I woke up this morning to the buzzer on my oven going off... I cooked fish sticks at 425 degrees for 5 hours last night. my house smells awesome
Can we talk about the cons of throwing up in the bathtub. there are no pros.
just put cider in my bong. gotta love fall
Medical school killed my enjoyment of porn. Hard to keep a boner when you're diagnosing all the actor's STDs and skin disorders.
Restaurants Roasting People Who Gave Them Negative Yelp Reviews (25 Pics)
Wow, So this kid just walked into class, yak'd on his lab partner then runs out. Class is now cancelled. I gotta find this kid and Thank him.
There's a girl at 7-11 apologizing for her behavior and asking if she can get her shoes back.
Was this before, or after you took my brand new bag of shredded cheese, and "Made it rain"?

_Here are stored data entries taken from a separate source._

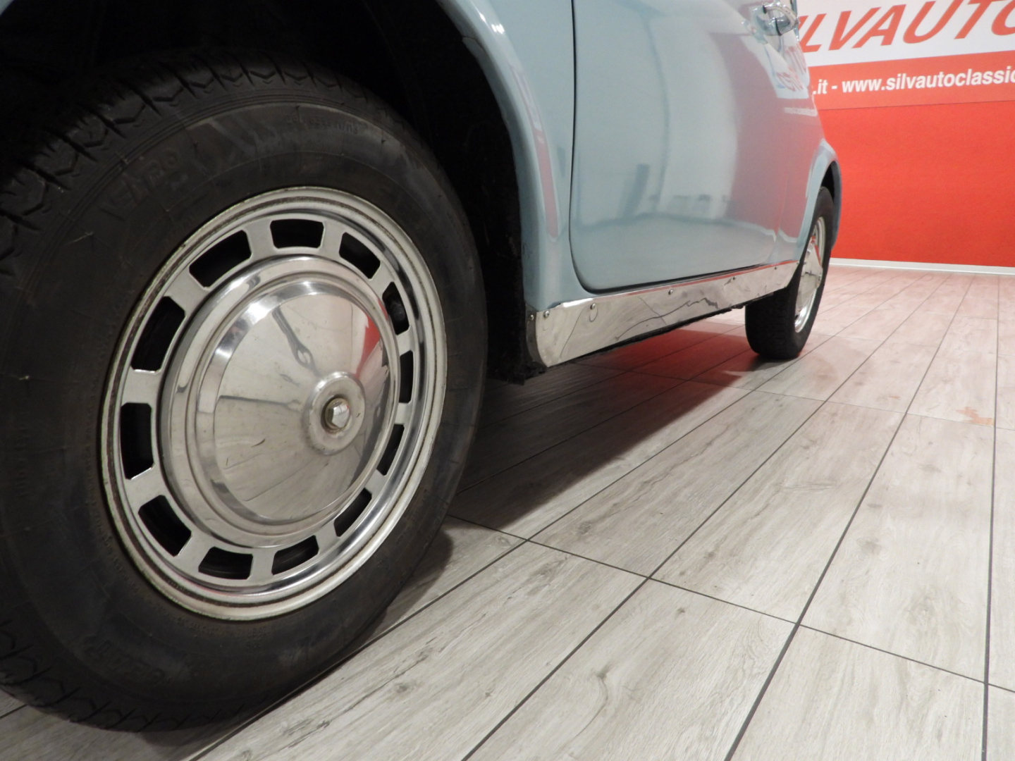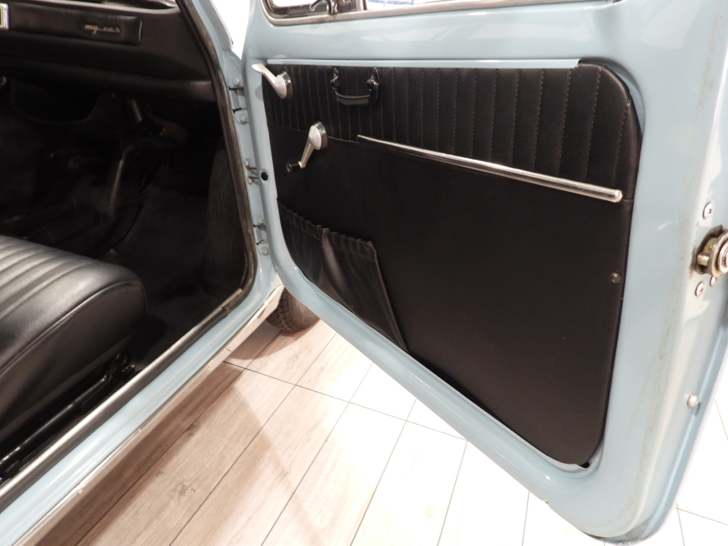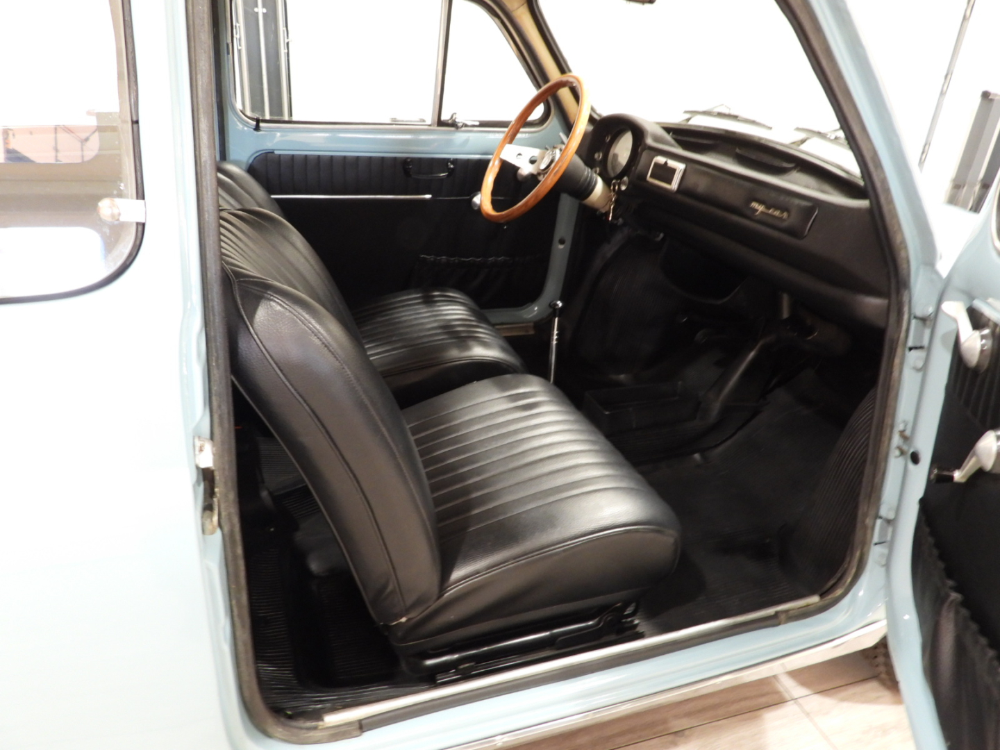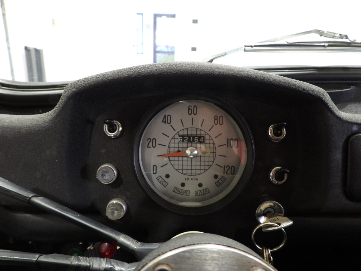CARACTÉRISTIQUES SPÉCIFIQUES AU MODÈLE : Tableau de bord façonné et recouvert de plastique noir, levier de vitesses et poignée de frein à main en acier inoxydable, seuils de porte en acier inoxydable, calandre arrondie avec calandre en zamak chromé et phares encastrés, rampes d’égouttement en acier inoxydable, finitions chromées en les joints du pare-brise avant et de la lunette arrière, les cerclages de roue en acier avec pneus 125 SR 12, la serrure du capot moteur, volant Ferrero avec couronne en bois, vitres arrière qui s’ouvrent comme une boussole, deux nervures longitudinales et un petit becquet (qui créent une image de sportivité et de raffinement)
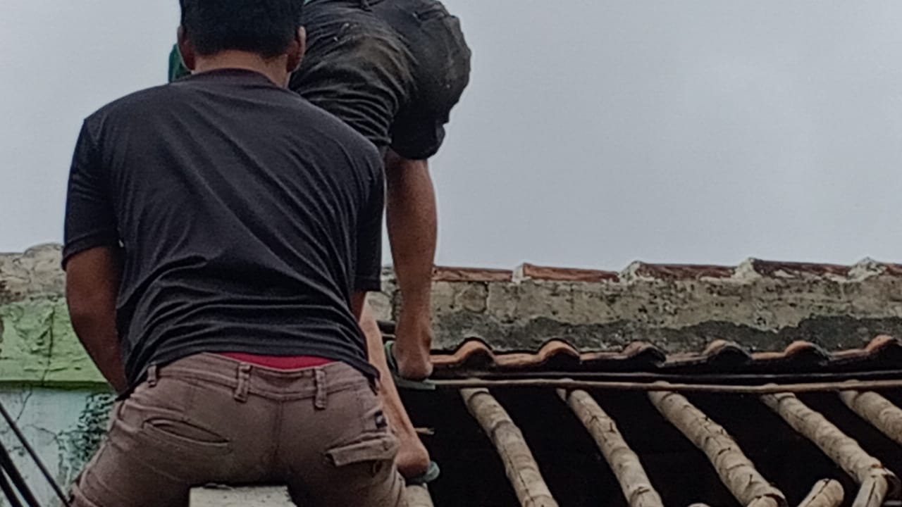 Tangerang, Genteng dan atap rumah tua milik seorang warga di wilayah Kelurahan Cimone Jaya , Kec Karawaci, Kota Tangerang sudah lama rusak , Setiap muslim penghujan isi rumah basah dan tergenang air hujan . terlebih bila saat hujan deras.
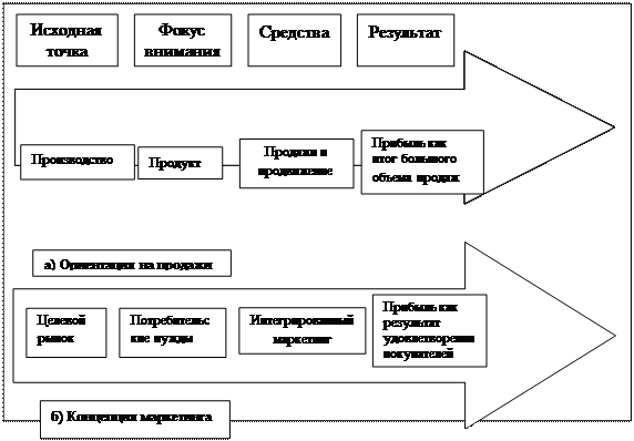 Рис. 1 Различия концепций ориентации на продажи и маркетинга Концепция маркетинга, краеугольным камнем которой является целевой рынок, предполагает, что компании поступают наилучшим образом, когда тщательно определяют целевой рынок (рынки), для которого разрабатывается особая маркетинговая программа. Маркетологи компании «Estee Lauder» в начале 1990-х гг. обратили внимание на быстрый рост покупательной способности некоторых этнических групп населения США. Были разработаны новые серии косметики, специально предназначенные для людей с темной кожей. Осенью 1992 г. Prescriptives, дочерняя компания Estee Lauder, представила новую коллекцию "All skin" («Для всех цветов кожи»), предлагающую 115 различных оттенков основы под макияж. Один из руководителей Prescriptives заявил, что появление новой косметической коллекции привело к увеличению объема продаж компании на 45 %. Нередко компания, определив целевой рынок, не полностью осознает потребности потребителей. Так, ведущая химическая компания разработала новое вещество, которое, затвердевая, превращается в материал, напоминающий мрамор. Маркетинговый отдел предложил использовать новый продукт на рынке сантехники. Компания создала несколько моделей ванн и представила их на выставке с расчетом продемонстрировать производителям сантехники возможности нового материала. Хотя последние нашли новые ванны достаточно привлекательными, ни один из них не решился на организацию производства ванн. Причина была очевидна. Цена одной ванны из синтетического материала достигала $ 2 тыс. За те же деньги можно было купить ванну из настоящего мрамора или оникса. К тому же новые ванны были настолько тяжелы, что их владельцам пришлось бы укреплять полы в доме. Более того, на рынке преобладали ванны по цене $ 500, и очень немногие потребители решились бы расстаться с суммой вчетверо большей. Химическая компания нашла целевой рынок, но ей не удалось понять потребности покупателей. Хотя задача маркетинга – удовлетворение потребностей потребителей и получение прибыли, их идентификация – отнюдь не простая задача. Некоторые потребители не уверены в том, что они нуждаются в каком-то конкретном продукте, не могут четко определить свои требования. Или они используют слова, которые необходимо правильно интерпретировать. Что означает просьба покупателя о «недорогой» машине, «мощной» газонокосилке, «быстром» токарном станке, «привлекательном» купальном костюме или «комфортабельной» гостинице? Рассмотрим, что скрывается за словами потребителя о «недорогом» автомобиле, ведь маркетолог должен уметь «глубоко копать». Мы можем выделить пять типов покупательских потребностей: 1. Заявленные потребности (покупатель хотел бы приобрести недорогую машину). 2. Действительные потребности (покупатель предпочитает недорогую в эксплуатации машину, ее цена не имеет особого значения). 3. Незаявленные потребности (покупатель ожидает хорошего обслуживания со стороны дилера). 4. Приятные потребности (покупатель приобретает машину и в качестве дополнения получает новый атлас автомобильных дорог). 5. Тайные потребности (покупатель стремится выглядеть в глазах друзей ценностно-ориентированным сообразительным потребителем). Удовлетворение только заявленных потребностей потребителя напоминает нам обслуживание покупателей у прилавка. Предположим, 
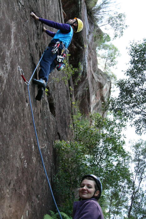 Above - Dave on Common Sense (17), Lana belays
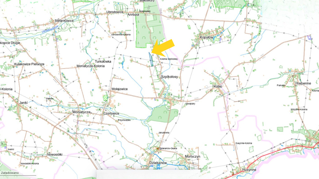 Działka nr 52 obręb Szpikołosy Kształt: nieregularny
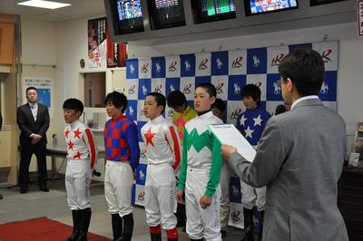 新人・移籍・期間限定騎手 紹介セレモニー 2013.04.24 本日の第1競走開始前に、スタンドで福山から移籍した松井伸也騎手(齊藤正弘厩舎)と本年デビューの石川 倭騎手(米川昇厩舎)、井上幹太騎手(原孝明厩舎)と7月18日まで期間限定騎乗する高野 誠毅騎手(田中淳司厩舎)の紹介サレモニーが行われ、それぞれ今年にかける抱負を話しました。 写真:セレモニーの様子
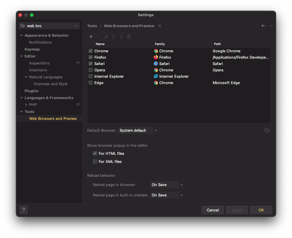 이럴 경우, Settings 창을 연 다음 좌측 메뉴에서 Tools > Web Browsers and Preview 로 들어가면 브라우저별로 열 수 있는 목록이 나온다.

If I remember who won the superbowl tomorrow morning.. I think I'm just going to quit drinking. There really won't be a point anymore
If I interpreted our horoscopes correctly...you should be coming home with an 8 ball. Just saying.
Woman Posts Harassing DMs From Creep Online, Now He’s Upset Because People Told His Mom
This girl came outta nowhere yelling HOLD MY DICKKKKKK!
You know you're baked when you feel your throat closing up from an allergic reaction to the pecans in the cookie you're eating but you keep eating the damn cookie.
I literally just rubbed my stomach and told my liver to "hang in there baby"
You just put lesbians and Hogwarts in the same sentence. Of course I'm in.
hitting rock bottom is getting taziki in your hair & simply putting it in a bun instead of actually dealing with it, just like your problems
So how do u get your coat out of the coat room when someone is fucking on it?